A TV evita que assaltos a apito armado sejam cometidos em campo, como se fazia nas Libertadores da América dos anos 60 e início dos anos 70. A transmissão de futebol pela TV democratiza. Fiscaliza. É cidadã no esporte, como deveria ser em outros aspectos de nossa vida. Mas a imagem da televisão não pode ter o controle remoto do futebol. Os botinudos têm de ser punidos pelos safanões e sacanagens que cometem em campo, como bem fez o STJD em 2003, como mal se tocou no ano que passou. A imagem da TV pegou e mostrou o que o árbitro não viu no campo? O tribunal pega o vídeo e pune.
Como poderia ter pego Pelé, na Copa de 70. Sua majestade deu uma cotovelada criminosa no uruguaio Fuentes. O árbitro não viu a ação de Pelé e só marcou a falta. Mas o uruguaio já deveria ter sido expulso pelo conjunto da obra, e pela ficha corrida de infrações na partida, válida pela semifinal do Mundial no México).
A Fifa só foi dar um pau nos que baixam a paulada na Copa de 94, quando meteu um gancho no lateral italiano Tassotti, que deixou um cotovelo no rosto do atacante espanhol Luis Enrique. Pênalti que o juiz não viu, mas o planeta enxergou.
Passados dez anos, apenas no ano retrasado o nosso STJD velho de guerra hasteou a bandeira branca e deixou as punições brandas no passado. Nossa justiça tardou, mas não falhou.
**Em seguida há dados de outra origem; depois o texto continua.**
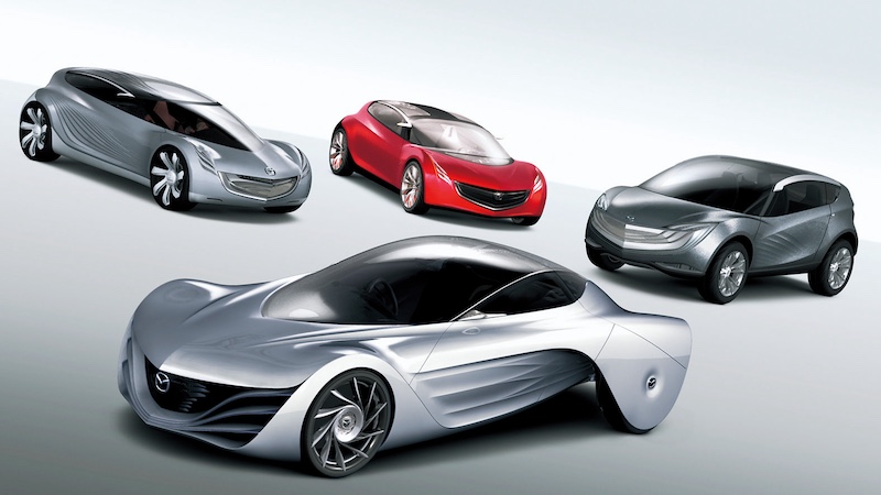 จาก นากาเร่ ดีไซน์ (Nagare’) สู่ โคโดะ ดีไซน์ ที่ถูกรังสรรขึ้นจากเส้นสายความพลิ้วไหวตามธรรมชาติ การเคลื่อนที่อย่างคล่องแคล่ว แข็งแรง ดั่งนักกีฬา การพัฒนาปรัชญาการออกแบบ นากาเร่ มีความหมายว่า ความต่อเนื่อง ไหลลื่น เป็นธรรมชาติ โดยนำเอาความสวยงามของธรรมชาติที่เกิดจากการเคลื่อนไหวของสรรพสิ่งในธรรมชาติในหลากหลายลักษณะ ความพิถีพิถันการออกแบบเส้นสายที่ลื่นไหลต่อเนื่องของธรรมชาติผสมผสานเข้ากับการขึ้นรูปของตัวรถ การไหลอย่างต่อเนื่องของสรรพสิ่งในธรรมชาติ อาทิ กระแสลม น้ำ การเปลี่ยนรูปของทรายบนเนินทรายที่เกิดจากกระแสลม สายธาร ลาวา เป็นต้น มาสด้าได้นำเอาความสวยงามจากภาพของความเคลื่อนไหวอย่างต่อเนื่องไหลลื่น เหล่านั้น มาประยุกต์ใช้เป็นการยกระดับของงานดีไซน์ ภายใต้แนวทางการออกแบบ นากาเร่ มาสด้าได้ออกแบบรถต้นแบบทั้งสิ้น 7 คัน หลังจากนั้นได้นำมาใช้กับการออกแบบรถมาสด้าและเป็นรถที่ผลิตเพื่อการจำหน่ายจริง

Não é mais cega ao que a televisão mostra de violência em campo e na arquibancada.
“MUDERNOS” – Só não podem os analistas fashion invadirem o campo botando a televisão em campo como se fosse uma instalação artística, um videowall. Todas as questões do jogo não podem ser decididas pela televisão e pelo videocassete. A imagem não pode marcar pênalti – que é interpretativo, logo, subjetivo, individual. O computador não pode contar os centímetros de um impedimento. O dedo do homem não pode se meter como se fosse a mão de Deus. Como Diego, na Copa de 86, no México. Ele meteu a mão na Inglaterra, e o árbitro não viu o que o planeta inteiro observou pelo replay.
Um lance claro, cristalino. Mas para quem está na poltrona, no bem-bom, na frente da TV.
INTERPRETAÇÃO – A regra é assim. Cada um tem a sua opinião. Muitas vezes, nenhuma conclusão, depois de minutos de discussão, e de observação de um mesmo lance várias vezes, por vários ângulos.
O famoso terceiro gol da Inglaterra, na Copa-66, na decisão contra a Alemanha, em Wembley. Eu ainda não havia nascido e até hoje se discute se a bola entrou. Vendo e revendo, é difícil ter a convicção que o assistente Tofik Bahrmarov teve no lance – gol. “Gol” que não foi, diga-se, vendo muitas vezes o lance.
Imagine se a regra permitisse o uso do vídeo? E aí: meia-hora ou 40 anos discutindo o lance? Você gostaria de esperar o árbitro apertando o rewind do vídeo na lateral do campo?
Se a arbitragem errou, azar. O goleiro da Seleção franga. O artilheiro perde gol feito. Por que não pode o árbitro errar? Só ele não tem esse direito. Por mais que possa ser desumano um erro de apito, o juiz ainda é humano. Ele erra, e muito. Como eu. Como você. Como a sua televisão.
Que, convenhamos, tem errado mais do que deveria.